▶ _Recorded data_
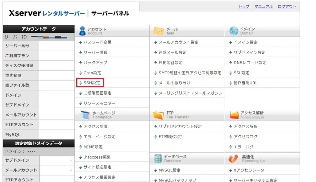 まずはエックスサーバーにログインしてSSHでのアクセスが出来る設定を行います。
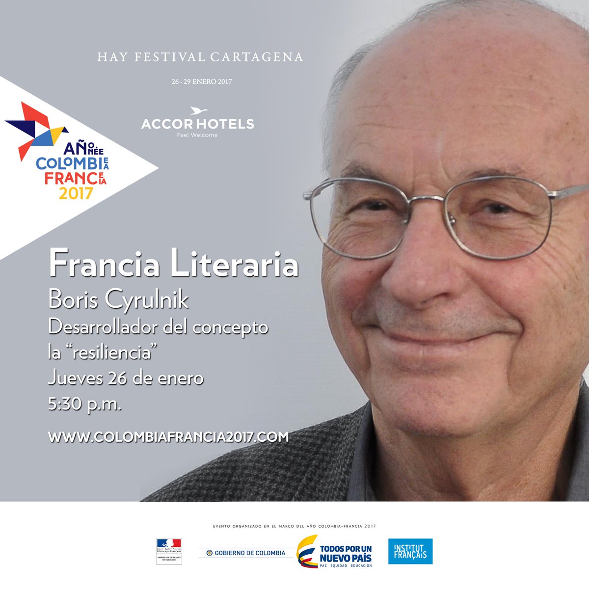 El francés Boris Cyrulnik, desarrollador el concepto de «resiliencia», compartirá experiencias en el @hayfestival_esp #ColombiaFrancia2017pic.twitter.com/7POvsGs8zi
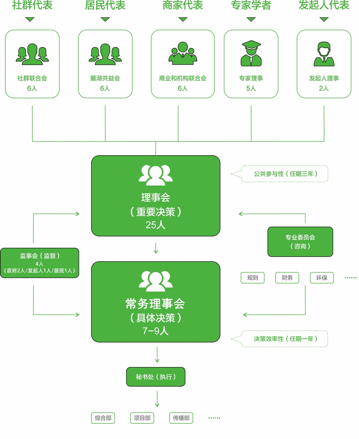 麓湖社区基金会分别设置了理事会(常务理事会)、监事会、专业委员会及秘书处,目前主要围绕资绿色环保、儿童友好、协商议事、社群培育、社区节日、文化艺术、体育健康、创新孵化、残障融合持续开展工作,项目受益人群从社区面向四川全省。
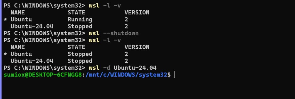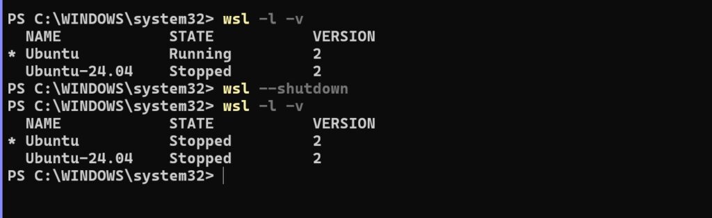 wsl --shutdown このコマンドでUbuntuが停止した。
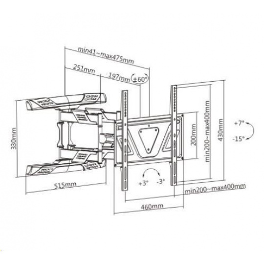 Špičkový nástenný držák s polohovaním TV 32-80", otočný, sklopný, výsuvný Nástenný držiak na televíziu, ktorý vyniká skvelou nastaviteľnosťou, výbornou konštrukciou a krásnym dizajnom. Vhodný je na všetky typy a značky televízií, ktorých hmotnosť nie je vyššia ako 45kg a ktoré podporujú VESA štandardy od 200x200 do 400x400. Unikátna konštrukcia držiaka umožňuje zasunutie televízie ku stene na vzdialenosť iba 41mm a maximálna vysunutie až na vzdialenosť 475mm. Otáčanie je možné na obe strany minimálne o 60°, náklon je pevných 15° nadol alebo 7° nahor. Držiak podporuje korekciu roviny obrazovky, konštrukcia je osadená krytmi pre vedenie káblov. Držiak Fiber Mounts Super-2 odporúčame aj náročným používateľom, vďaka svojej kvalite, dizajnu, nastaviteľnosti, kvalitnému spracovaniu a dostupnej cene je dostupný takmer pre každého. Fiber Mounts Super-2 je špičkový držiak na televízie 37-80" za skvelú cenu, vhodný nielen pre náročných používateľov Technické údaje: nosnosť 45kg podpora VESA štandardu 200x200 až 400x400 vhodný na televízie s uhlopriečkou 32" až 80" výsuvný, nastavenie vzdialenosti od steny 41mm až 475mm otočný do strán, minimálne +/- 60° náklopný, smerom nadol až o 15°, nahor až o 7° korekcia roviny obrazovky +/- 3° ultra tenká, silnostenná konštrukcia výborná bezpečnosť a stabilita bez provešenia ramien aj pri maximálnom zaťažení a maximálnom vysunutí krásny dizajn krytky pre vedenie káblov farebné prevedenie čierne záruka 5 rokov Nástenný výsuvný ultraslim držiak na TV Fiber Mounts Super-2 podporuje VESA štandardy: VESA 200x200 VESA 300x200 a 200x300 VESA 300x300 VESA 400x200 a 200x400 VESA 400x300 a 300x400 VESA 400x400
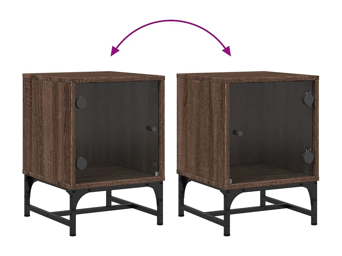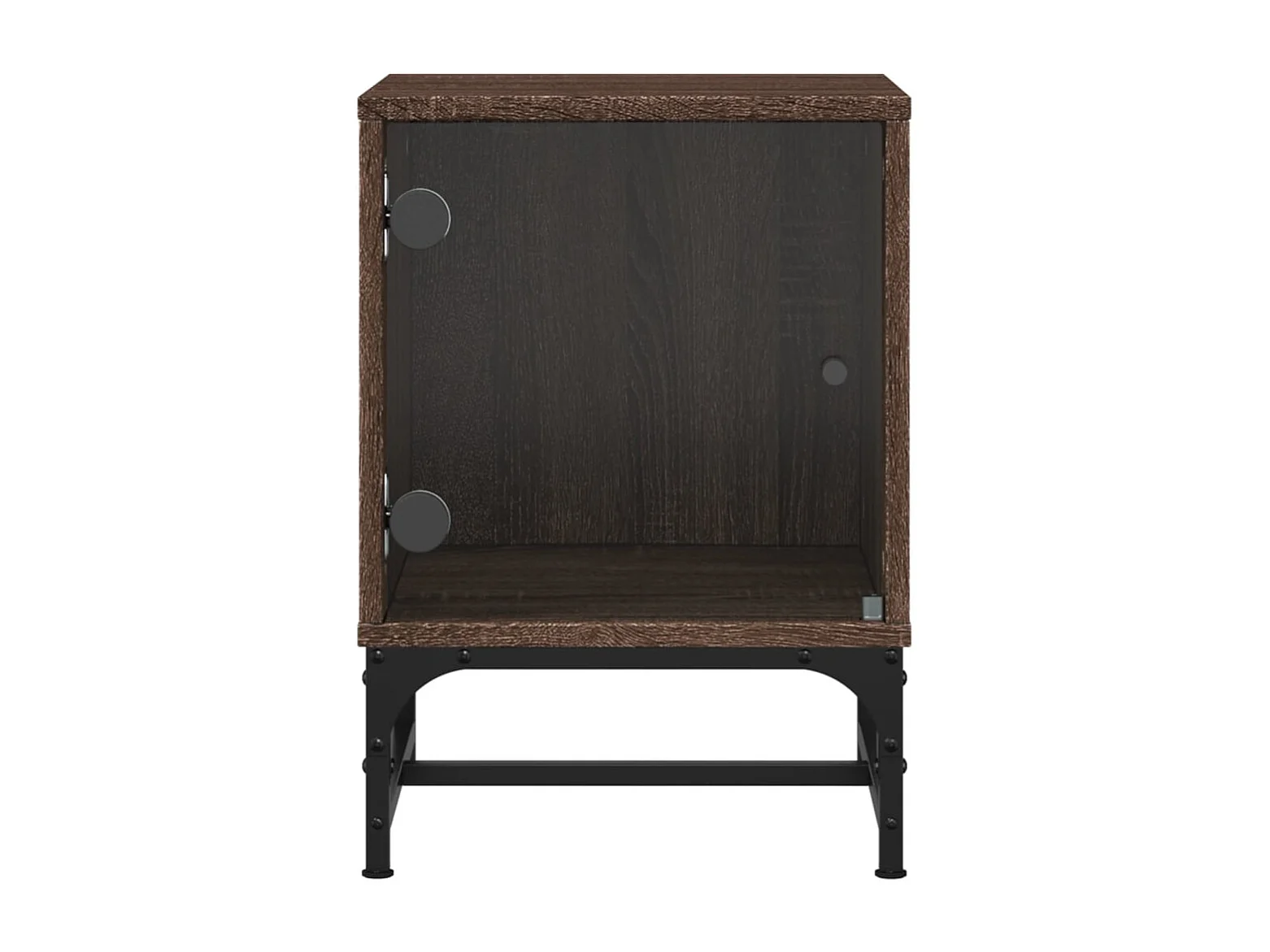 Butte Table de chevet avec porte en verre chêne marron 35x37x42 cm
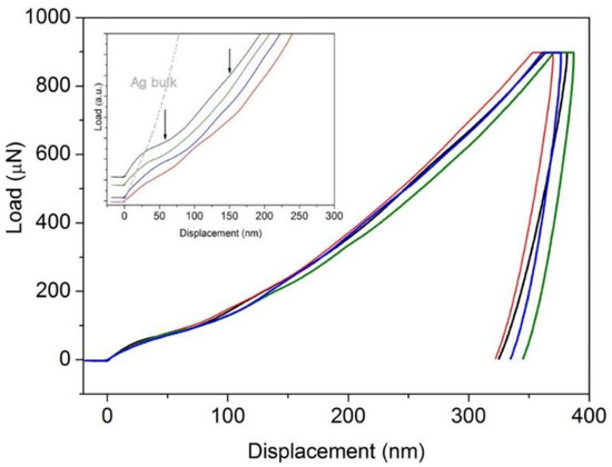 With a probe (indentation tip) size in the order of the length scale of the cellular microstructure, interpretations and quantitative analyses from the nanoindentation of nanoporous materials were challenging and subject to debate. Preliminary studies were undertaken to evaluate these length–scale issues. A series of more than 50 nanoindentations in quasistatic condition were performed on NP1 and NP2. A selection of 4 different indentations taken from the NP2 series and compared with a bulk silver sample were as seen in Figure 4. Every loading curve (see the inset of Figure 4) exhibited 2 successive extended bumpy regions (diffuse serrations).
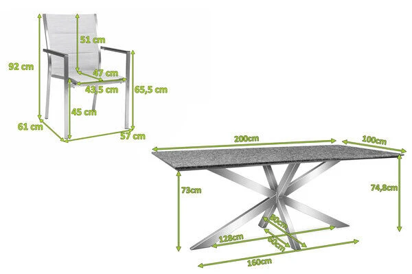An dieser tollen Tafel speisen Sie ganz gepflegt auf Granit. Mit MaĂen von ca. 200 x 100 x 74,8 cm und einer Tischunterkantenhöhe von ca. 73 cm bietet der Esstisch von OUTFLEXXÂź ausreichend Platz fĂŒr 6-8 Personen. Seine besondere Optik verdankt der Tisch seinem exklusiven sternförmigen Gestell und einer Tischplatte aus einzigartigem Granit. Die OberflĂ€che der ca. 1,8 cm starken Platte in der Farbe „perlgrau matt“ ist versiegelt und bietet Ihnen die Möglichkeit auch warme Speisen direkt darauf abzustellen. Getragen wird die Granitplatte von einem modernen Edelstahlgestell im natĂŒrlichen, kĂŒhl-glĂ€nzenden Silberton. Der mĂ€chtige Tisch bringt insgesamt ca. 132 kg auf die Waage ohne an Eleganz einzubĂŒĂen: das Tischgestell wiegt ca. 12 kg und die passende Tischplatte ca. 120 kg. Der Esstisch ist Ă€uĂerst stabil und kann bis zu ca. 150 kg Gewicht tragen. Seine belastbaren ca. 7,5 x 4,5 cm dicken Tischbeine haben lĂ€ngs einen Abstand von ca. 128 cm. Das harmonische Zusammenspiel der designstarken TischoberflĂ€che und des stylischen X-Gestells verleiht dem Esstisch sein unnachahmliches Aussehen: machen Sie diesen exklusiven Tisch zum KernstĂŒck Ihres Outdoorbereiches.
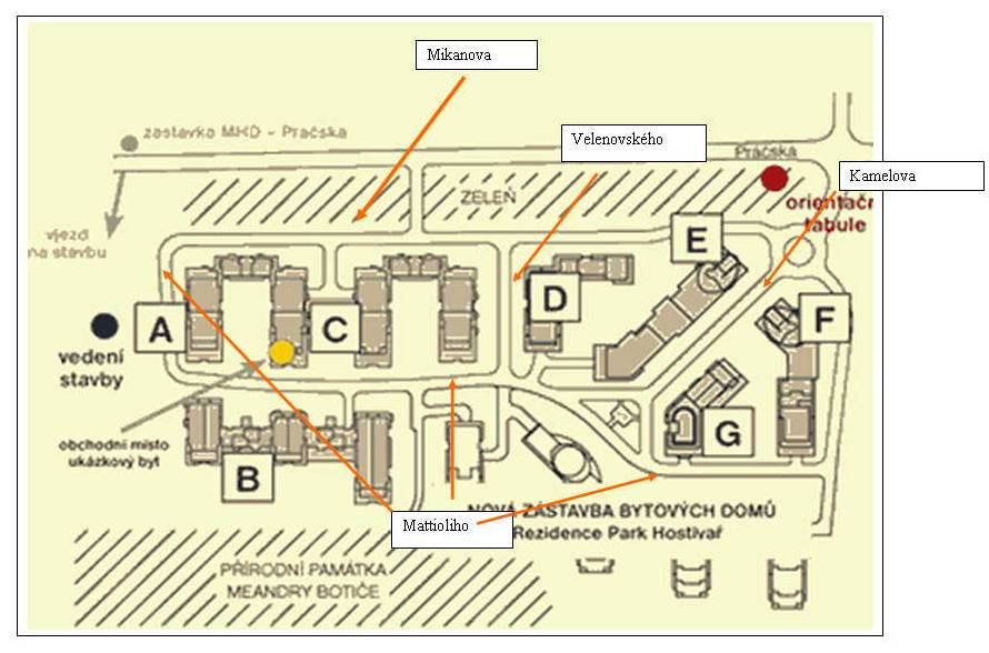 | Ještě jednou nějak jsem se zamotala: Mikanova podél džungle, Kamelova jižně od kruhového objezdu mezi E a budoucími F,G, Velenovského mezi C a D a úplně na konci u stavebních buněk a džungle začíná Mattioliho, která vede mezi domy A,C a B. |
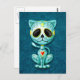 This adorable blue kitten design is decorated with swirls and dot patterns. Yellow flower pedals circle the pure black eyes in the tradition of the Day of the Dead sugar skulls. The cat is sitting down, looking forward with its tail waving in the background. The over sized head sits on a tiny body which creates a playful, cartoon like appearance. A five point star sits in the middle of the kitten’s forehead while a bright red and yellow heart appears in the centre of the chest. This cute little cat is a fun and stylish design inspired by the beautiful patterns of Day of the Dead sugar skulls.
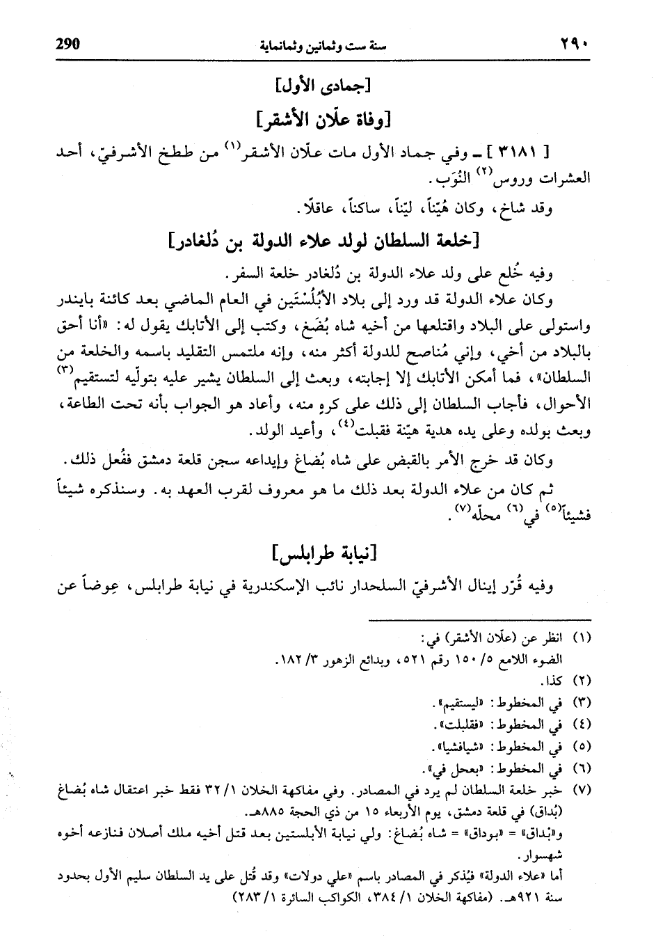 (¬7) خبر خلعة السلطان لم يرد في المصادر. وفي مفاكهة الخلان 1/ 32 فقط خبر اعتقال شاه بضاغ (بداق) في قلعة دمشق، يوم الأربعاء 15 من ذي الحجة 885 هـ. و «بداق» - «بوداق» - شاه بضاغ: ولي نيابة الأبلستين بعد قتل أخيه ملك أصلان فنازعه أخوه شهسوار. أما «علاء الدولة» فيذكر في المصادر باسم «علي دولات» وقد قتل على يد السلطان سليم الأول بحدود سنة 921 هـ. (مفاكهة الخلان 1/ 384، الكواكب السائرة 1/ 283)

▶ _Task prompt_
Could you copy every record above exactly, leaving out the pictures?

▶ _Response area_
 まずはエックスサーバーにログインしてSSHでのアクセスが出来る設定を行います。
 El francés Boris Cyrulnik, desarrollador el concepto de «resiliencia», compartirá experiencias en el @hayfestival_esp #ColombiaFrancia2017pic.twitter.com/7POvsGs8zi
 麓湖社区基金会分别设置了理事会(常务理事会)、监事会、专业委员会及秘书处,目前主要围绕资绿色环保、儿童友好、协商议事、社群培育、社区节日、文化艺术、体育健康、创新孵化、残障融合持续开展工作,项目受益人群从社区面向四川全省。
 wsl --shutdown このコマンドでUbuntuが停止した。
 Špičkový nástenný držák s polohovaním TV 32-80", otočný, sklopný, výsuvný Nástenný držiak na televíziu, ktorý vyniká skvelou nastaviteľnosťou, výbornou konštrukciou a krásnym dizajnom. Vhodný je na všetky typy a značky televízií, ktorých hmotnosť nie je vyššia ako 45kg a ktoré podporujú VESA štandardy od 200x200 do 400x400. Unikátna konštrukcia držiaka umožňuje zasunutie televízie ku stene na vzdialenosť iba 41mm a maximálna vysunutie až na vzdialenosť 475mm. Otáčanie je možné na obe strany minimálne o 60°, náklon je pevných 15° nadol alebo 7° nahor. Držiak podporuje korekciu roviny obrazovky, konštrukcia je osadená krytmi pre vedenie káblov. Držiak Fiber Mounts Super-2 odporúčame aj náročným používateľom, vďaka svojej kvalite, dizajnu, nastaviteľnosti, kvalitnému spracovaniu a dostupnej cene je dostupný takmer pre každého. Fiber Mounts Super-2 je špičkový držiak na televízie 37-80" za skvelú cenu, vhodný nielen pre náročných používateľov Technické údaje: nosnosť 45kg podpora VESA štandardu 200x200 až 400x400 vhodný na televízie s uhlopriečkou 32" až 80" výsuvný, nastavenie vzdialenosti od steny 41mm až 475mm otočný do strán, minimálne +/- 60° náklopný, smerom nadol až o 15°, nahor až o 7° korekcia roviny obrazovky +/- 3° ultra tenká, silnostenná konštrukcia výborná bezpečnosť a stabilita bez provešenia ramien aj pri maximálnom zaťažení a maximálnom vysunutí krásny dizajn krytky pre vedenie káblov farebné prevedenie čierne záruka 5 rokov Nástenný výsuvný ultraslim držiak na TV Fiber Mounts Super-2 podporuje VESA štandardy: VESA 200x200 VESA 300x200 a 200x300 VESA 300x300 VESA 400x200 a 200x400 VESA 400x300 a 300x400 VESA 400x400
 Butte Table de chevet avec porte en verre chêne marron 35x37x42 cm
 With a probe (indentation tip) size in the order of the length scale of the cellular microstructure, interpretations and quantitative analyses from the nanoindentation of nanoporous materials were challenging and subject to debate. Preliminary studies were undertaken to evaluate these length–scale issues. A series of more than 50 nanoindentations in quasistatic condition were performed on NP1 and NP2. A selection of 4 different indentations taken from the NP2 series and compared with a bulk silver sample were as seen in Figure 4. Every loading curve (see the inset of Figure 4) exhibited 2 successive extended bumpy regions (diffuse serrations).
An dieser tollen Tafel speisen Sie ganz gepflegt auf Granit. Mit MaĂen von ca. 200 x 100 x 74,8 cm und einer Tischunterkantenhöhe von ca. 73 cm bietet der Esstisch von OUTFLEXXÂź ausreichend Platz fĂŒr 6-8 Personen. Seine besondere Optik verdankt der Tisch seinem exklusiven sternförmigen Gestell und einer Tischplatte aus einzigartigem Granit. Die OberflĂ€che der ca. 1,8 cm starken Platte in der Farbe „perlgrau matt“ ist versiegelt und bietet Ihnen die Möglichkeit auch warme Speisen direkt darauf abzustellen. Getragen wird die Granitplatte von einem modernen Edelstahlgestell im natĂŒrlichen, kĂŒhl-glĂ€nzenden Silberton. Der mĂ€chtige Tisch bringt insgesamt ca. 132 kg auf die Waage ohne an Eleganz einzubĂŒĂen: das Tischgestell wiegt ca. 12 kg und die passende Tischplatte ca. 120 kg. Der Esstisch ist Ă€uĂerst stabil und kann bis zu ca. 150 kg Gewicht tragen. Seine belastbaren ca. 7,5 x 4,5 cm dicken Tischbeine haben lĂ€ngs einen Abstand von ca. 128 cm. Das harmonische Zusammenspiel der designstarken TischoberflĂ€che und des stylischen X-Gestells verleiht dem Esstisch sein unnachahmliches Aussehen: machen Sie diesen exklusiven Tisch zum KernstĂŒck Ihres Outdoorbereiches.
 | Ještě jednou nějak jsem se zamotala: Mikanova podél džungle, Kamelova jižně od kruhového objezdu mezi E a budoucími F,G, Velenovského mezi C a D a úplně na konci u stavebních buněk a džungle začíná Mattioliho, která vede mezi domy A,C a B. |
 This adorable blue kitten design is decorated with swirls and dot patterns. Yellow flower pedals circle the pure black eyes in the tradition of the Day of the Dead sugar skulls. The cat is sitting down, looking forward with its tail waving in the background. The over sized head sits on a tiny body which creates a playful, cartoon like appearance. A five point star sits in the middle of the kitten’s forehead while a bright red and yellow heart appears in the centre of the chest. This cute little cat is a fun and stylish design inspired by the beautiful patterns of Day of the Dead sugar skulls.
 (¬7) خبر خلعة السلطان لم يرد في المصادر. وفي مفاكهة الخلان 1/ 32 فقط خبر اعتقال شاه بضاغ (بداق) في قلعة دمشق، يوم الأربعاء 15 من ذي الحجة 885 هـ. و «بداق» - «بوداق» - شاه بضاغ: ولي نيابة الأبلستين بعد قتل أخيه ملك أصلان فنازعه أخوه شهسوار. أما «علاء الدولة» فيذكر في المصادر باسم «علي دولات» وقد قتل على يد السلطان سليم الأول بحدود سنة 921 هـ. (مفاكهة الخلان 1/ 384، الكواكب السائرة 1/ 283)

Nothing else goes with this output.